A Saint-Malo, un accord a été trouvé afin de procéder, d'ici à mai 2002, à la fermeture de la maternité de la clinique de l'Espérance, qui réalise 850 accouchements annuels, au profit de l'hôpital, où doit être construit un pavillon mère-enfant. Pour cause de dépassement du budget de l'hôpital, la construction de ce pavillon est sans cesse retardée, ce qui pose déjà des problèmes de saturation. Pour autant, la date de fermeture de la clinique n'a pas été repoussée.
« On ne respecte pas le choix des femmes »
L E Dr Guy-Marie Cousin, secrétaire général du Syndicat national des gynécologues et obstétriciens de France, membre de la Fédération des médecins de France, dénonce l'attitude des pouvoirs publics face à la crise des maternités privées.
LE QUOTIDIEN - Croyez-vous sincèrement que les pouvoirs publics ont décidé de la disparition programmée de l'obstétrique privée ?
Dr GUY-MARIE COUSIN - Oui, je le crois. Les faits le montrent chaque jour : le choix des maternités maintenues dans le plan périnatal est presque toujours en faveur des maternités publiques, même si leur activité est inférieure à celle de l'établissement privé qui doit fermer. Je ne connais qu'un seul exemple contraire. Par ailleurs, les propos tenus par le ministre délégué à la Santé vont dans le même sens. Cela a été le cas lors de la grève des sages-femmes ; il a affirmé que, si les maternités privées disparaissaient, on se débrouillerait sans elles. Tout cela me paraît grave, car il s'agit d'un choix de société. On ne respecte pas le désir des femmes de choisir leur lieu de suivi et d'accouchement.
Votre appel est lancé par la Fédération des médecins de la naissance. Pourquoi avoir créé une nouvelle structure ?

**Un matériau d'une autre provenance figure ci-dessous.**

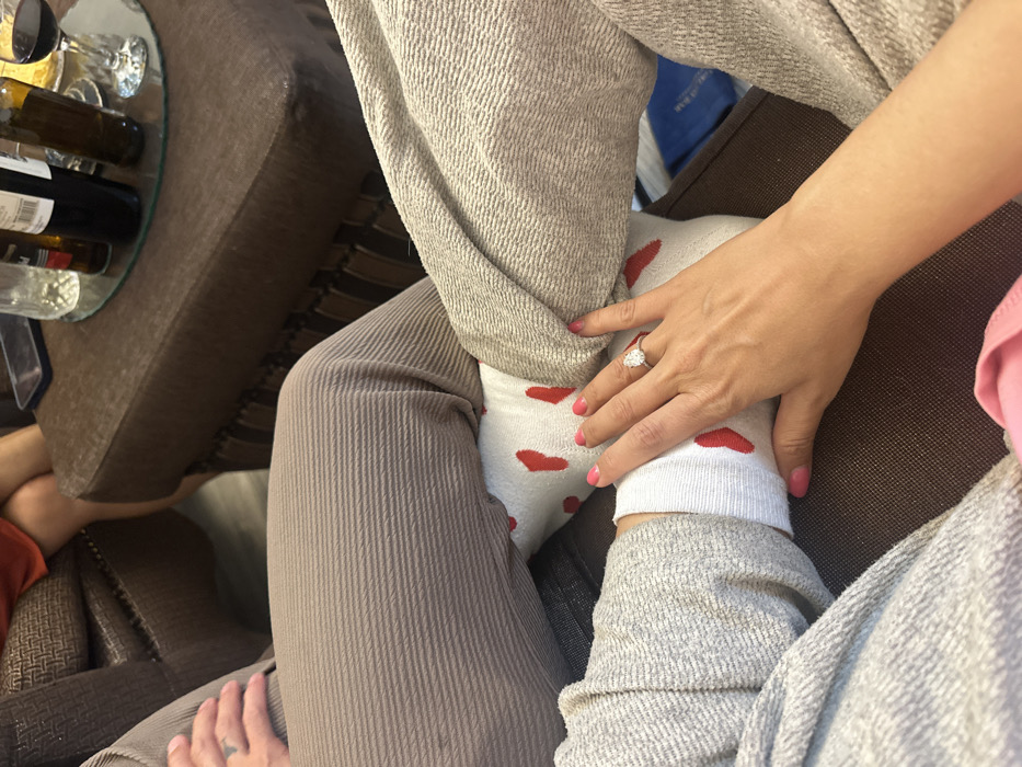 The image depicts an indoor scene within a private residence in Mitchells Plain, South Africa. The perspective is downward, focusing on an interaction between two individuals with a third visible in the background. In the foreground, a right hand with pink manicured nails and an oval-cut diamond ring on the fourth finger rests on another individual's sock-clad foot. The hand's owner is wearing light grey, textured casual trousers. The foot is covered by a white sock patterned with multiple red hearts, and its owner wears light brown, vertically ribbed casual trousers. In the mid-background, a brown upholstered ottoman or coffee table supports a circular mirrored tray. On the tray are a dark smartphone, a red wine bottle, multiple brown glass bottles, a clear beverage glass, and a wine glass containing red liquid. To the upper left, an upholstered armchair is partially visible, occupied by a third person whose lower legs are seen wearing an orange garment. The floor is light in color.

La Fédération des médecins de la naissance s'est créée après la grève de décembre 2000 dans les maternités, car les trois spécialités partagent les mêmes préoccupations. Pour la mienne (la gynécologie-obstétrique) , la pénurie de professionnels est dramatique, mais elle est presque pire pour les autres. Dans certaines maternités, les pédiatres ne viennent même plus, ce qui pose un problème de sécurité en salle d'accouchement. Pour les anesthésistes, on risque de se retrouver dans la situation d'il y a dix ou quinze ans, c'est-à-dire qu'ils n'interviendront qu'en cas d'urgence, ce qui signifie l'arrêt de l'analgésie péridurale. Le risque médico-légal joue également dans la crise qu'ils traversent. Récemment, un anesthésiste de Montpellier a été condamné en sa qualité de médecin pour ne pas être intervenu lors d'un accouchement, à la place de l'obstétricien qui était absent. Il faut une solution rapide pour remédier à ces dérives.